Na semana passada, a Direcção de Engenharia Civil e Desenvolvimento e a Direcção de Agricultura, Pescas e Conservação em conjunto Diretrizes de Design de Soluções Baseadas na Natureza de Hong Kong. Este documento histórico sinaliza uma mudança na forma como pensamos sobre infraestrutura e planejamento urbano. Mostra que Hong Kong já não tem de escolher entre o desenvolvimento e a protecção ambiental. Em vez disso, podemos conceber cidades onde a natureza e as infraestruturas trabalhem em conjunto – fortalecendo a resiliência, melhorando a biodiversidade e melhorando a nossa qualidade de vida.
O governo escolheu deliberadamente o Parque Natural Long Valley para revelar estas diretrizes. Localizado dentro Metrópole do Norteesta zona húmida de água doce constitui um exemplo poderoso de uma solução baseada na natureza em acção.
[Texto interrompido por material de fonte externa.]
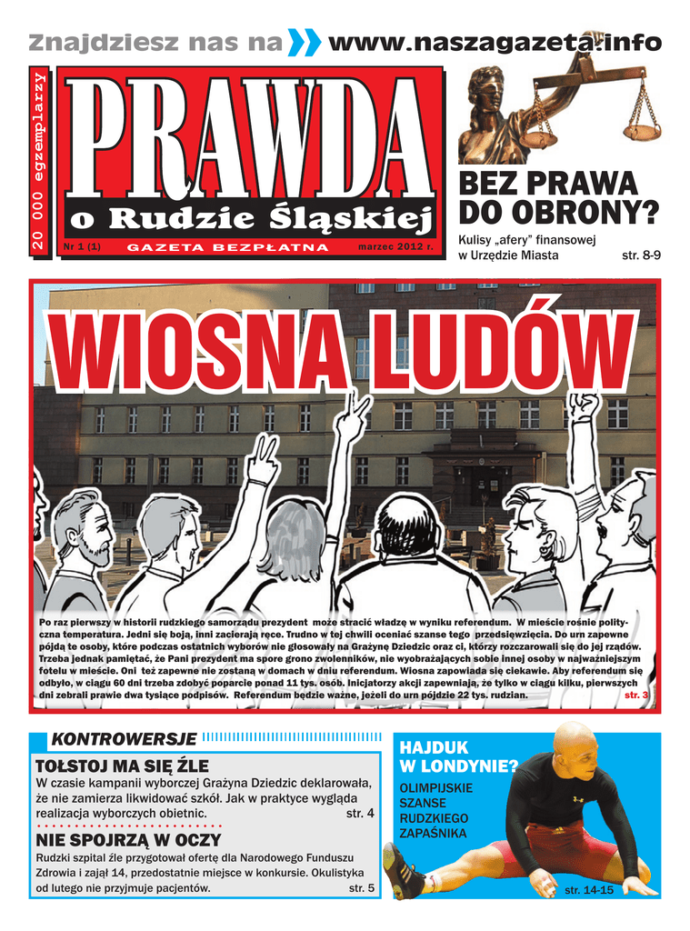 20 000 egzemplarzy Znajdziesz nas na www.naszagazeta.info Bez prawa o Rudzie Śląskiej do obrony? Nr 1 (1) G A Z E TA B E Z P Ł AT N A marzec 2012 r. Kulisy „afery” finansowej w Urzędzie Miasta str. 8-9 Wiosna ludów Po raz pierwszy w historii rudzkiego samorządu prezydent może stracić władzę w wyniku referendum. W mieście rośnie polityczna temperatura. Jedni się boją, inni zacierają ręce. Trudno w tej chwili oceniać szanse tego przedsięwzięcia. Do urn zapewne pójdą te osoby, które podczas ostatnich wyborów nie głosowały na Grażynę Dziedzic oraz ci, którzy rozczarowali się do jej rządów. Trzeba jednak pamiętać, że Pani prezydent ma spore grono zwolenników, nie wyobrażających sobie innej osoby w najważniejszym fotelu w mieście. Oni też zapewne nie zostaną w domach w dniu referendum. Wiosna zapowiada się ciekawie. Aby referendum się odbyło, w ciągu 60 dni trzeba zdobyć poparcie ponad 11 tys. osób. Inicjatorzy akcji zapewniają, że tylko w ciągu kilku, pierwszych dni zebrali prawie dwa tysiące podpisów. Referendum będzie ważne, jeżeli do urn pójdzie 22 tys. rudzian. str. 3 KONTROWERSJE Tołstoj ma się źle W czasie kampanii wyborczej Grażyna Dziedzic deklarowała, że nie zamierza likwidować szkół. Jak w praktyce wygląda realizacja wyborczych obietnic. str. 4 Nie spojrzą w oczy Rudzki szpital źle przygotował ofertę dla Narodowego Funduszu Zdrowia i zajął 14, przedostatnie miejsce w konkursie. Okulistyka od lutego nie przyjmuje pacjentów. str. 5 Hajduk w Londynie? Olimpijskie szanse rudzkiego zapaśnika str. 14-15 Aktualności 2 Czy weźmiesz udział w referendum co prawda PR AWDA O RUDZ I E ŚL ĄSKI E J to prawda P ierwsza „Prawda o Rudzie Śląskiej” ukazała się w połowie 2010 roku. Gazeta spotkała się z dużą sympatią ze strony Czytelników, a wśród elit miasta zasiała strach. „Prawda” miała wnieść świeżość w przestrzeń publiczną Rudy Śląskiej. I wniosła. To z naszych łamów mieszkańcy dowiedzieli się, że nie wszystko w Rudzie Śląskiej wygląda tak różowo, jak przedstawia to miejski tygodnik albo inne media żyjące z zysków z urzędowych reklam. Historia zatoczyła koło, a raczej kółeczko, bo niecałe dwa lata minęły jak z bicza strzelił. Znów jesteśmy na rudzkim rynku medialnym. Z tą samą misją społeczną i znacznie atrakcyjniejszą ofertą dla reklamodawców. W wersji papierowej będziemy się spotykać (na razie) raz w miesiącu. Na stronę internetową zapraszamy o każdej porze dnia i nocy. Gazeta jest bezpłatna. Jej nakład przekracza ofertę wszystkich lokalnych gazet razem wziętych. Nasz tytuł traktujemy bardzo dosłownie i poważnie, bo wiemy, że prawda czasami musi zaboleć. Jerzy Filar LIST DO REDAKCJI Nasza redakcja otrzymała oświadczenie, przygotowane przez grupę pracowników Urzędu Miasta. Jego autorzy z oczywistych względów zastrzegają sobie anonimowość. Publikujemy obszerne fragmenty oświadczenia. W tekście pominęliśmy wątki personalne, które mogłyby narazić dobra osobiste niektórych osób z kierownictwa Urzędu Miasta. Miasto strachu? W związku z nagłą śmiercią naszej koleżanki Pani Lucyny Mróz, wyrażamy głębokie zaniepokojenie i sprzeciw wobec faktu bezpodstawnego oskarżenia zmarłej, przez władze uchwałodawcze Miasta Ruda Śląska. Oskarżenie rzucone publicznie w formie oświadczenia Prezydent Miasta z dnia 7.02.2012 r., bez uprzedniego dochodzenia przez odpowiednie służby, zgodnie z Art. 212. Kodeksu Karnego wymaga wyjaśnienia, gdyż szarga dobre imię wieloletniego pracownika rudzkiego magistratu. W związku z powyższym domagamy się dokładnego wyjaśnienia sprawy przez władze Miasta oraz rehabilitacji publicznej Pani Lucyny Mróz we wszystkich mediach. Lucyna Mróz przez lata cieszyła się nieposzlakowaną opinią, była prawym i dobrym człowiekiem. Sprawy Rudy Śląskiej były dla niej przez lata priorytetem, któremu poświęciła czas i życie. Pracując w Urzędzie czujemy się upokarzani, zastraszani, ograniczani w swoich kompetencjach, izolowani i poniżani. Powszechnym zjawiskiem w urzędzie jest przenoszenie pracowników podczas nieobecności naczelnika (jego urlop, chorobowe, szkolenie). W praktyce polega to na przenoszeniu pracowników bez uprzedniej informacji do innych wydziałów i zespołów. Z dnia na dzień, bez uprzedniego przygotowania pracownik musi sprostać innym obowiązkom, a zakres czynności i odpowiedzialności odbiega daleko od wykształcenia. Tłumaczenie, że powinniśmy być elastyczni i jeden powinien zastąpić drugiego ma się nijak do ponoszonej odpowiedzialności i wyciąganych konsekwencji. W takich przypadkach bardzo łatwo o błąd, pomyłkę, przeoczenie(…) Jest jeszcze jeden powód takiego zarządzania: rozbijanie zespołów, osłabienie przyjaźni i zaufania do siebie nawzajem. Zaufanie w zespole to 99% sukcesu, a wzajemna pomoc, zastępowanie siebie, czy wyręczanie, to prawdziwa wygrana. Zburzenie takiego podejścia do pracy, rozbicie zespołu, wprowadzenie kogoś nowego, nieznanego to ukryty cel. „Nowe” osoby wypytuje się w sekretariacie o pracę innych. Są napiętnowane i wyobcowane. Ludzie się siebie boją, króluje brak zaufania (…) Pracownicy Urzędu Miasta Ruda Śląska marzec 2012r. Urząd Ochrony Konkurencji i Konsumentów bada, czy rudzkie Przedsiębiorstwo Wodociągów i Kanalizacji nie naruszyło przepisów, narzucając mieszkańcom astronomiczne ceny za dostarczanie wody i odprowadzanie ścieków. Leją Foto: Maciej Geyer po kieszeni N ikt na Śląsku nie płaci za wodę tyle, co rudzianie. Były radny Zbigniew Domżalski, kiedy tylko został prezesem PWiK, nabrał wiatru w żagle i wprowadził podwyżkę, która zaalarmowała nawet UOKiK. Mieszkańcom tłumaczono powody podwyżki, m.in. tym, że w mieście zmalało zużycie drogocennego płynu. Inaczej mówiąc: ludzie! Lejcie z kranów, ile się da, bo jak będziecie oszczędzać, to zn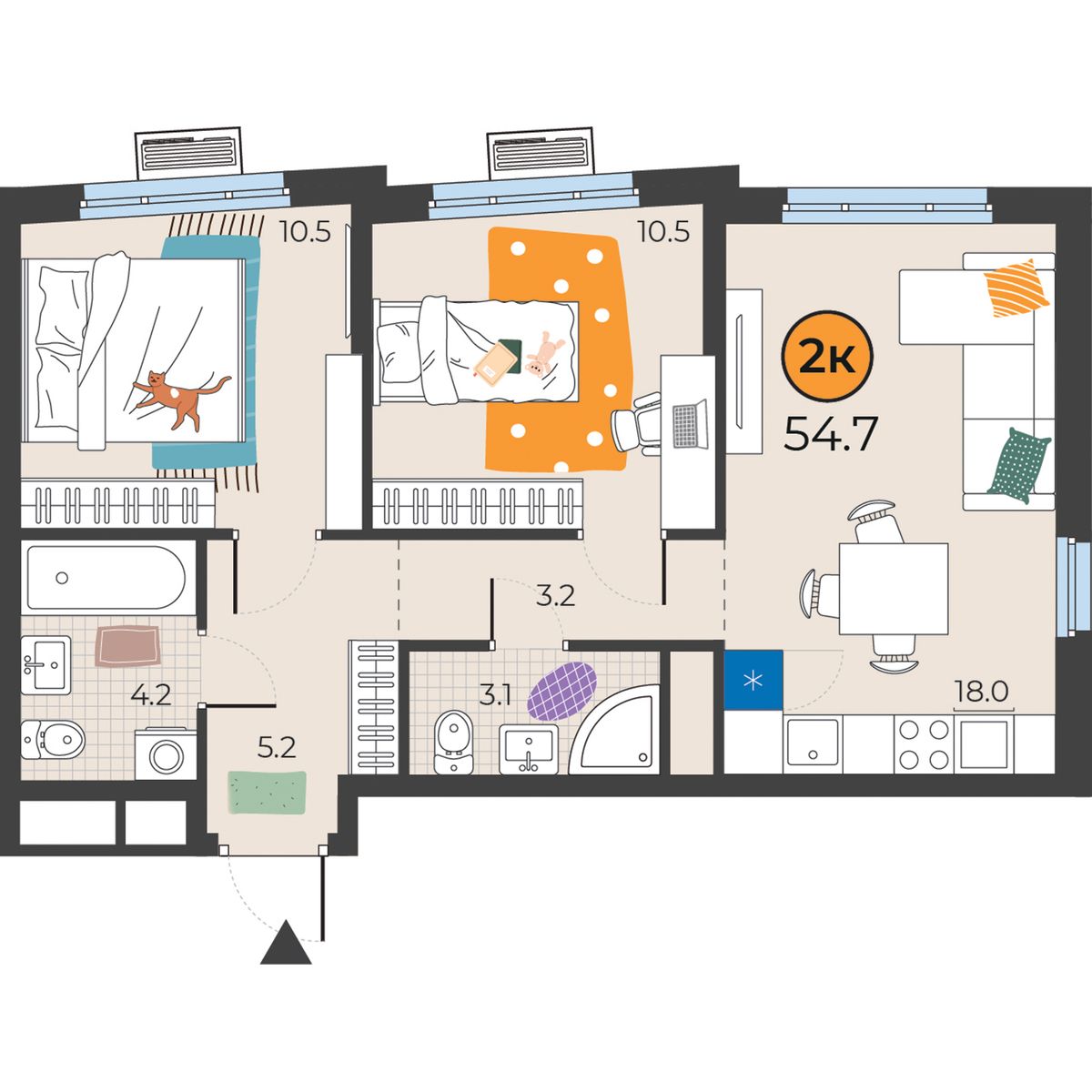 2-комнатная квартира 54.7 м2

Mostra como Hong Kong pode expandir a sua cidade e ao mesmo tempo restaurar e proteger o ambiente natural.

A presença de Charles Karangwa, chefe global do Centro de Soluções Baseadas na Natureza da União Internacional para a Conservação da Natureza (IUCN), enfatizou uma mensagem importante: com a ambição e o apoio certos, Hong Kong tem potencial para se tornar um líder internacional na integração da natureza no desenvolvimento urbano.

As novas diretrizes adaptam a estrutura global da UICN ao denso ambiente urbano único de Hong Kong. Estabelecem três princípios básicos: Melhorar a biodiversidade em todos os ecossistemas e escalas; promover uma convivência harmoniosa entre as pessoas e a natureza; e reforçar a estabilidade social e económica, bem como a resiliência climática e ambiental. As orientações também introduzem um quadro de avaliação que mede cinco formas de capital natural, utilizando ferramentas de monitorização digital para garantir que as iniciativas baseadas na natureza produzem resultados mensuráveis ​​e cientificamente robustos.

Um homem anda de bicicleta no East Coast Park, Fortress Hill, em 25 de julho de 2025, um dia com má qualidade do ar. Foto: Alison Lee

As orientações têm implicações estratégicas para a competitividade futura de Hong Kong. Em primeiro lugar, oferece uma forma prática de reduzir a tensão entre a expansão urbana e os habitats naturais.